Supplied material START

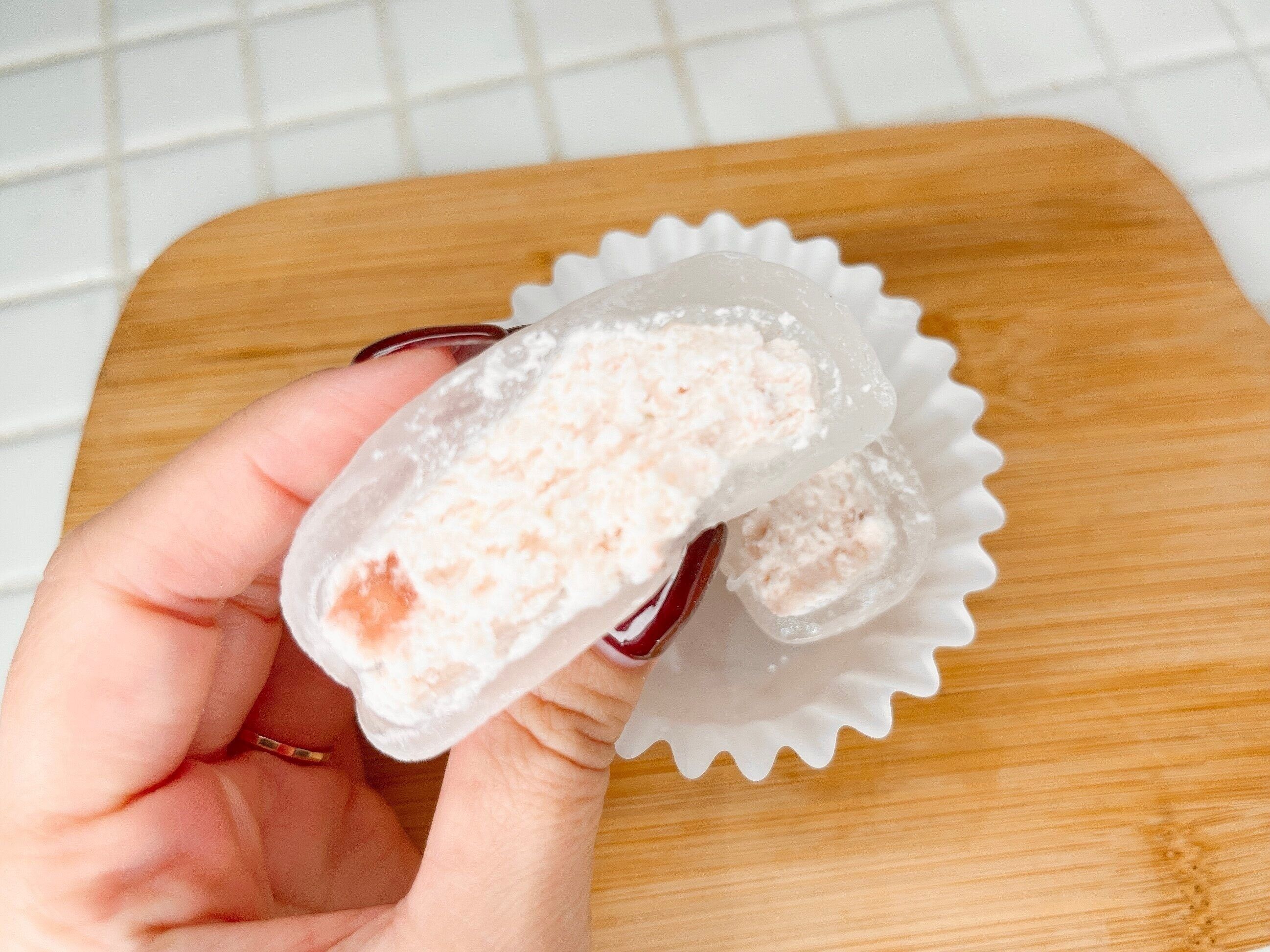 冷凍庫から冷蔵庫へうつし、2時間後に開封。半分にカットしましたが、わらび餅は柔らかくてぷるぷる、中には薄ピンク色のいちごのクリームがたっぷり入っています。
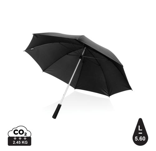 This Swiss Peak Aware?? RPET Ultra-light manual 25??umbrella offers durable weather protection in an ultralight form. Aluminium frame, fibreglass ribs with EVA handle and manual open/close. Made with 190T recycled polyester. With AWARE?? tracer that validates the genuine use of recycled materials. This umbrella canopy has saved 5.6 litres of water, is made of 9.4 PET bottles (500ml). 2% of proceeds of each Impact product sold will be donated to Water.org.
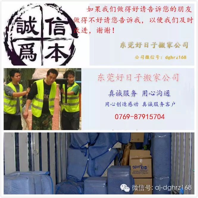 如何让众多的客户都能成为东莞好日子搬家公司的回头客呢,凭的就是优质的服务。不同于不正规的搬家公司,从来不认为任何一次搬家服务是一锤子买卖,我们尽可能把每一次搬家做到尽善尽美,然后搬家的客户感觉到满意。不光客户会记住我们,并且会把我们公司推荐给自己的朋友。之所以能持之以恒,以优质的服务取得市民的信任,最主要的是要让客户感觉物有所值,花了钱得到的搬家服务是高质量的.
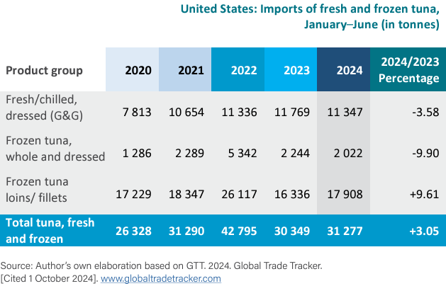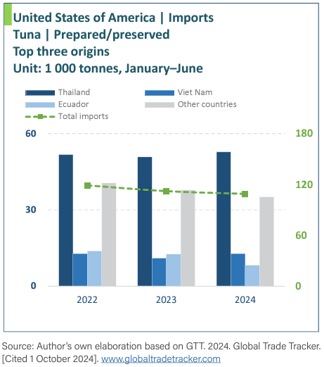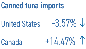 A fines de junio de 2024, las importaciones de atún enlatado en los Estados Unidos fueron un 3,57 por ciento más bajas, interanual. Como nota positiva, las importaciones aumentaron en Canadá en un 14,47 por ciento a 17 450 toneladas, abastecidas principalmente por Tailandia, Vietnam, Italia y Filipinas.
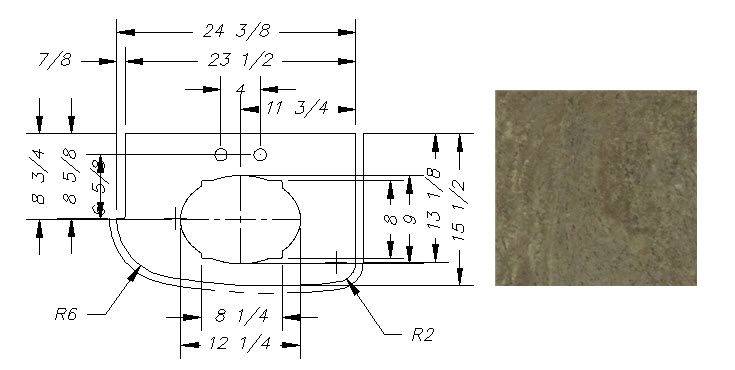 Countertop - Range Arm - 233RBSL/243BHSL - 2 1/4" x 24 1/4" - Pressed - w/Buildup - Sandstone Natural Vinyl
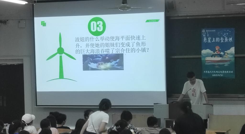 本次活动除了观影之外,还安排了问答环节,同学们积极回答问题,获得我院精心挑选的多肉植物。参与本次活动的同学还表示我院的活动别出心裁,颇具特色,挑选的电影也具有深刻的教育意义。在影片的开头向我们展示了人类排进大海里数不尽的垃圾,而波妞也是因为卡在一个罐子里才上的岸,我院旨在通过举办观影活动,让更多的同学意识到人类与自然要和谐共处,一个代表着人类所有美好精神的男孩宗介,与一个代表自然之美的女孩波妞,彼此相亲相爱,人与自然,和谐共生。
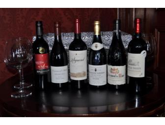 Basket of six bottles of Premier French, US, and Australian Red Wines including wine glasses, cocktail napkins, and bottle stoppers. Cheers!
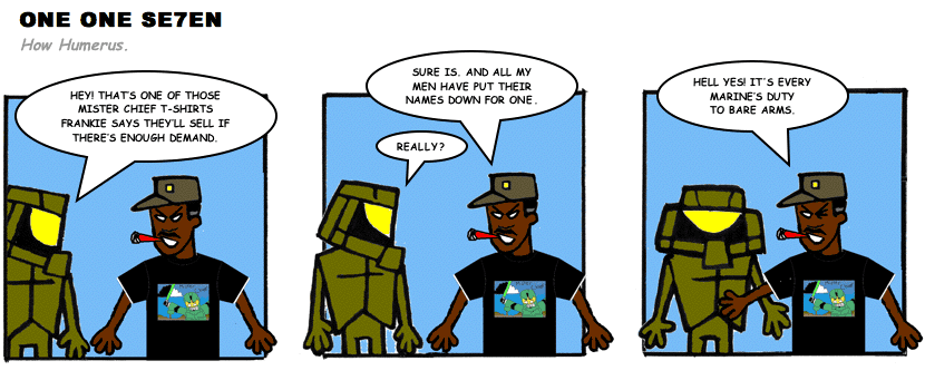 On April 30, 2003, Stuntmutt began turning in episodes of a new comic known as One One Se7en. We'll present them here, in the order in which they were submitted, as they come in. New submissions were added Monday, Wednesday, and Friday. On March 3, 2008, One One Se7en was retired from regular releases - Stunt's life got a tad too busy for 3 strips per week. (He still comes by with new content when the situation arises, however.)
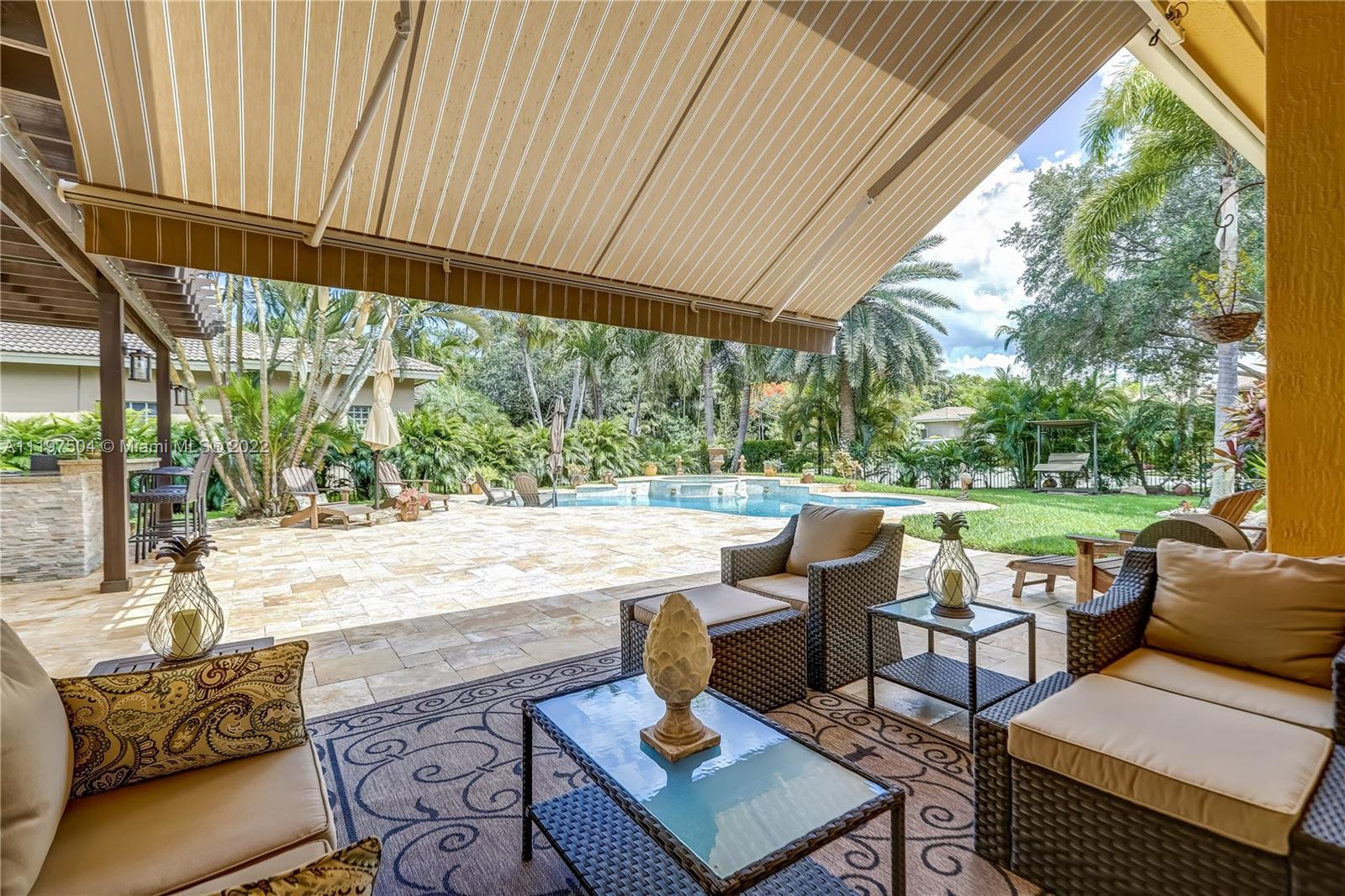 Come home to your tropical entertainers paradise in Lago Plantation one of Plantation's hidden gems with only 18 homes, Soaring volume ceilings throughout each & every room. Open floor plan featuring tile flooring in main living areas & master bedroom, & hardwood floors in the secondary bedrooms. Large master suite featuring double trey ceilings, dual walk-in closets, & grand master bath with marble floors, spa soaking tub & separate shower. Big secondary bedrooms with hardwood flooring. Kitchen features granite counters, wood cabinets, & s/s appliances that overlook the expansive family room. Amazing heated saltwater pool/spa surrounded by travertine pavers, lush landscaping, & beautiful summer kitchen. Whole house generator, impact windows/accordion shutters, & the list goes on

Supplied material END

● What you are asked to do: The answer must be the part of the records that opens with the line containing "如何让众多的客户都能成为东莞" and closes with the line containing "Basket of six", reproduced exactly, with no pictures.

● Output for this task:
 如何让众多的客户都能成为东莞好日子搬家公司的回头客呢,凭的就是优质的服务。不同于不正规的搬家公司,从来不认为任何一次搬家服务是一锤子买卖,我们尽可能把每一次搬家做到尽善尽美,然后搬家的客户感觉到满意。不光客户会记住我们,并且会把我们公司推荐给自己的朋友。之所以能持之以恒,以优质的服务取得市民的信任,最主要的是要让客户感觉物有所值,花了钱得到的搬家服务是高质量的.
 A fines de junio de 2024, las importaciones de atún enlatado en los Estados Unidos fueron un 3,57 por ciento más bajas, interanual. Como nota positiva, las importaciones aumentaron en Canadá en un 14,47 por ciento a 17 450 toneladas, abastecidas principalmente por Tailandia, Vietnam, Italia y Filipinas.
 Countertop - Range Arm - 233RBSL/243BHSL - 2 1/4" x 24 1/4" - Pressed - w/Buildup - Sandstone Natural Vinyl
 本次活动除了观影之外,还安排了问答环节,同学们积极回答问题,获得我院精心挑选的多肉植物。参与本次活动的同学还表示我院的活动别出心裁,颇具特色,挑选的电影也具有深刻的教育意义。在影片的开头向我们展示了人类排进大海里数不尽的垃圾,而波妞也是因为卡在一个罐子里才上的岸,我院旨在通过举办观影活动,让更多的同学意识到人类与自然要和谐共处,一个代表着人类所有美好精神的男孩宗介,与一个代表自然之美的女孩波妞,彼此相亲相爱,人与自然,和谐共生。
 Basket of six bottles of Premier French, US, and Australian Red Wines including wine glasses, cocktail napkins, and bottle stoppers. Cheers!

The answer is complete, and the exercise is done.